── INFORMATION SHOWN ──

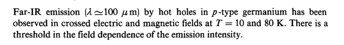 Far-IR emission (Λ^ΙΟΟ μτη) by hot holes in ρ -type germanium has been observed in crossed electric and magnetic fields at Τ = 10 and 80 K. There is a threshold in the field dependence of the emission intensity.
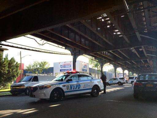 A young woman looks over the area from the steps of an elevated train station Saturday, Aug. 13, 2016, in the Queens borough of New York, near a crime scene after the leader of a New York City mosque and an associate were fatally shot as they left afternoon prayers. Police said 55-year-old Imam Maulama Akonjee and his 64-year-old associate, Tharam Uddin, were shot as they left the Al-Furqan Jame Masjid mosque. (AP Photo/Craig Ruttle)
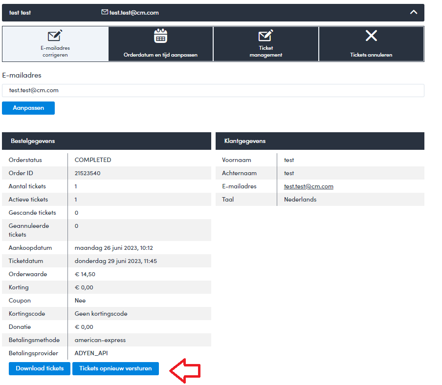 - Wil je daarna de tickets ook opnieuw versturen naar dit nieuwe mailadres? Scrol dan nog iets naar beneden en druk op Tickets opnieuw versturen.

───

* [ABOUT THIS EXERCISE] Where the material contains pictures, leave them out and copy the rest verbatim.

* [FINISHED TASK]
 Far-IR emission (Λ^ΙΟΟ μτη) by hot holes in ρ -type germanium has been observed in crossed electric and magnetic fields at Τ = 10 and 80 K. There is a threshold in the field dependence of the emission intensity.
 A young woman looks over the area from the steps of an elevated train station Saturday, Aug. 13, 2016, in the Queens borough of New York, near a crime scene after the leader of a New York City mosque and an associate were fatally shot as they left afternoon prayers. Police said 55-year-old Imam Maulama Akonjee and his 64-year-old associate, Tharam Uddin, were shot as they left the Al-Furqan Jame Masjid mosque. (AP Photo/Craig Ruttle)
 - Wil je daarna de tickets ook opnieuw versturen naar dit nieuwe mailadres? Scrol dan nog iets naar beneden en druk op Tickets opnieuw versturen.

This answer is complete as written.